There's also some traits implemented for Image, but doubt that matters here.

Ingvar Stepanyan
@RReverser
Mar 11 18:49 UTC
Right, so problem in your case is that you're collecting images which borrow paths from temporary items
Each particular DirEntry is lazily created and dropped as the iterator goes through, but you're trying to collect its Paths into a longer-living vector
kylegoetz
@kylegoetz
Mar 11 18:50 UTC
But isn't p guaranteed to exist until the filter_map is done? But the IDE is indicating that p doesn't live long enough within the filter_map closure itself, right? Or is the IDE warning me that should I use it later, there's no guarantee it will exist?
Ingvar Stepanyan
@RReverser
Mar 11 18:51 UTC
You have two options:
1) Handle each Image inside the loop (using .map / .for_each) instead of collecting somewhere.
2) If you do need a vector, then clone each p.path() via .to_owned() and store that on the Image.

But isn't p guaranteed to exist until the filter_map is done?

Nope, only within the particular closure execution.
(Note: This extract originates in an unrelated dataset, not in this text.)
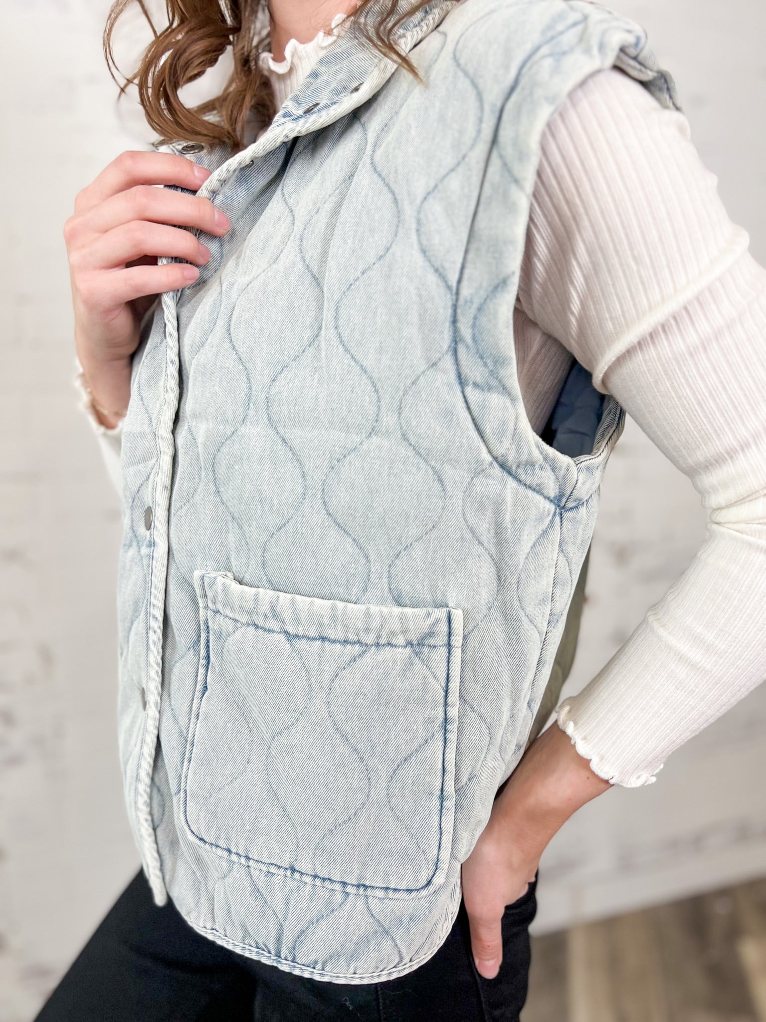 The Wavy Wonder Quilted Denim Vest
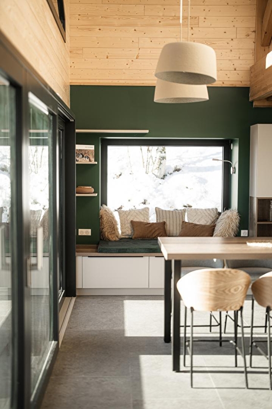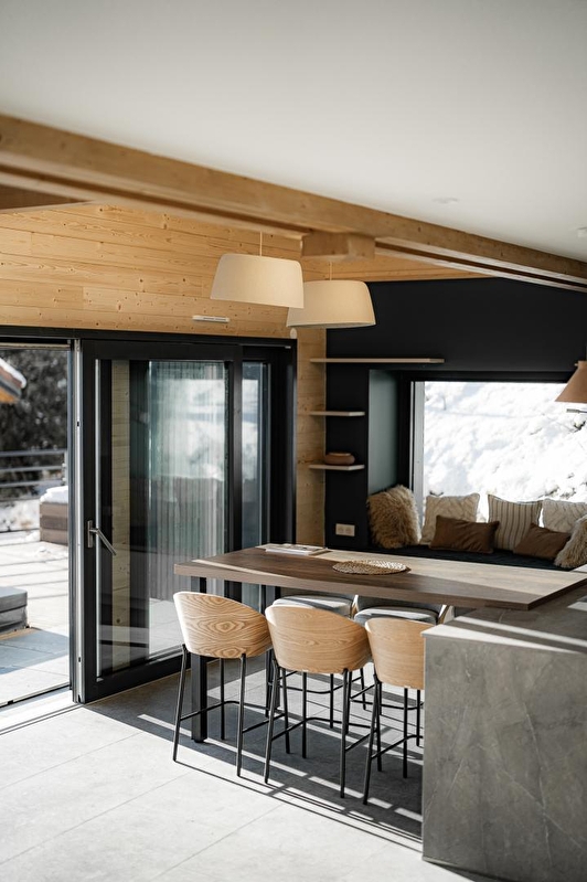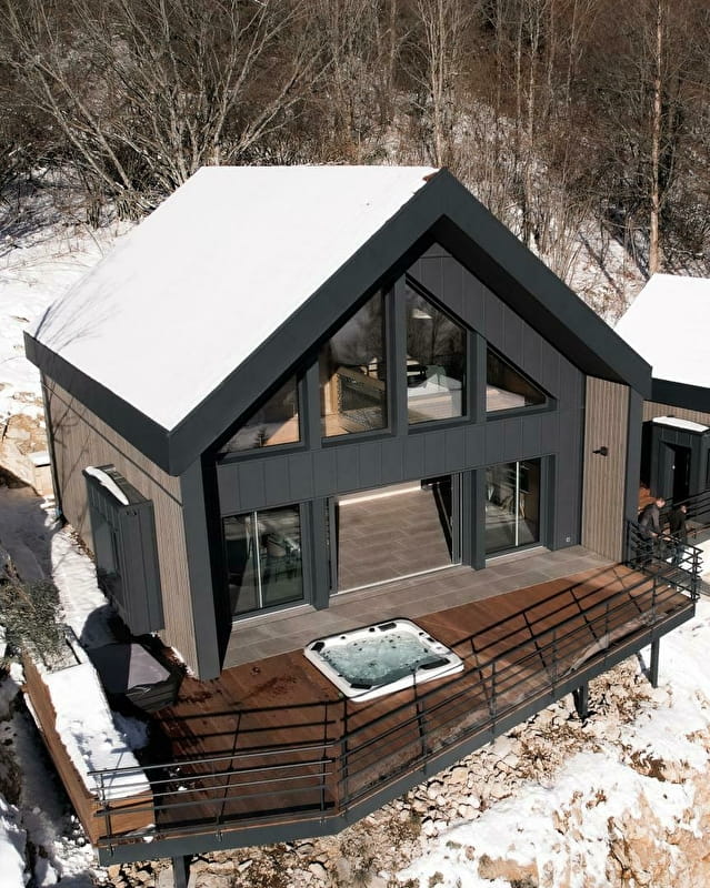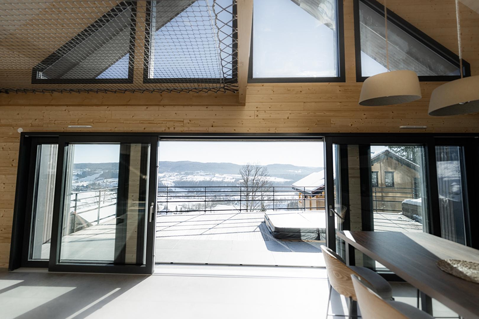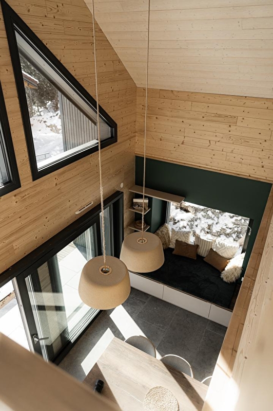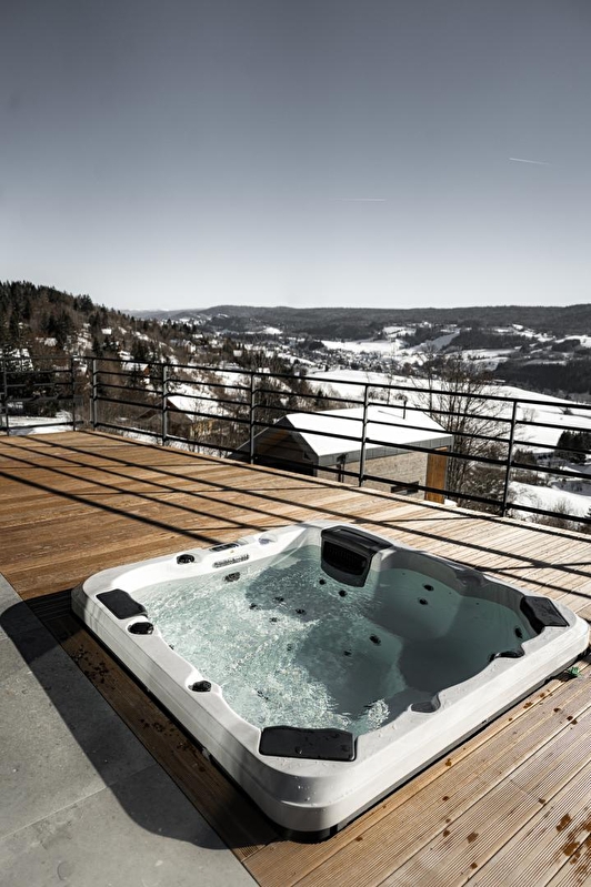 Un projet ambitieux et un propriétaire avide de défi, une addition réussie qui a donné naissance aux chalets Lynx Mountain : le Canada et le Boréal. Cyril, passionné de nature et de montagne a créé un gîte éco-friendly (murs en laine de cotons, luminaires en cartons recyclés, électroménager classe A, peinture écolabel...), respectueux de l'environnement et haut de gamme. Ce chalet scandinave, décoré dans un camaïeu de verts vous fera vivre une expérience unique et passer des vacances inoubliables. Au rez-de-chaussée, la pièce de vie est composée d'une cuisine toute équipée et d'un coin salon avec un bow window aménagé avec de douillets coussins pour se prélasser ou s'adonner à la lecture. Vous ne vous lasserez pas d'admirer la vue imprenable et apaisante sur la forêt du Risoux. Une chambre avec un 1 lit king-size (180*200), une salle d'eau avec une grande douche et un WC indépendant. A l'étage : une chambre avec 1 lit king size 180*200 et une seconde chambre avec 2 lits simples jumelables et une mezzanine avec un filet suspendu pour prendre de la hauteur! Une salle d'eau avec une grande douche Une salle de jeux commune aux chalets Canada et Boréal vous permettra de passer des moments conviviaux et de vous défier à la PS5. Côté extérieur, une magnifique terrasse en bois équipée d'un salon de jardin, d'un barbecue et de chaises longues ainsi que d'un spa aussi appréciable en été qu'en hiver. Alors n'attendez plus et venez vivre l'expérience Lynx Mountain

With move you're extending it to allow using it in subsequent .map / .for_each / for as well, but it's still not enough for collecting into an outer Vec.

kylegoetz
@kylegoetz
Mar 11 19:01 UTC
OK so p.path().to_owned() is the same issue: borrowed p doesn't live long enough. Do I have to do this to_owned before I even start the filter_map?
Ingvar Stepanyan
@RReverser
Mar 11 19:04 UTC
No that one should be fine. Did you change your type to hold PathBuf?
kylegoetz
@kylegoetz
Mar 11 19:09 UTC
I did and noticed that type mismatch error. So I added on an .as_path() afterwards and it reverted to the same "not long enough" error. I didn't want to have to change my structs if I didn't have to for no other reason than I could imagine a future scenario where I might have to change a bunch of structs (end goal is some polymorphic code)
I'll change my type to hold PathBuf and remove the .as_path and see what happens!
Ingvar Stepanyan
@RReverser
Mar 11 19:11 UTC
Yeah that's what I meant - if you do as_path() again, you're going back to reference with its issues. You just want an owned PathBuf for now.
kylegoetz
@kylegoetz
Mar 11 19:12 UTC
Oh I thought the as_path would end up with a clone of the original path. Thought PathBuf was a new thing divorced from the original path, and then as_path would be based off this new PathBuf that was separated from the original path
Ingvar Stepanyan
@RReverser
Mar 11 19:12 UTC
Yeah but then it's again a reference to a temporary PathBuf, and you've gone the entire circle.
kylegoetz
@kylegoetz
Mar 11 19:12 UTC
OK if I make it a PathBuf lots of my other code blows up because it needs Path everywhere. Live and learn about picking data types, huh? Should I just be defaulting to PathBuf all the time instead of Path?
Ingvar Stepanyan
@RReverser
Mar 11 19:13 UTC
No, not really - as I mentioned, another alternative is just not collecting images into an array, but depends if it works in your usecase
kylegoetz
@kylegoetz
Mar 11 19:13 UTC
Don't bother answering, haha. I should read up on what PathBuf actually is first since this is the first time I've ever used it.
Ingvar Stepanyan
@RReverser
Mar 11 19:13 UTC
If you can process them one-by-one, that would be preferred as now you don't need to change any types and can just use the borrowed Path as-is
kylegoetz
@kylegoetz
Mar 11 19:15 UTC

So I'm porting some Python code and trying to get step by step working before introducing more complications.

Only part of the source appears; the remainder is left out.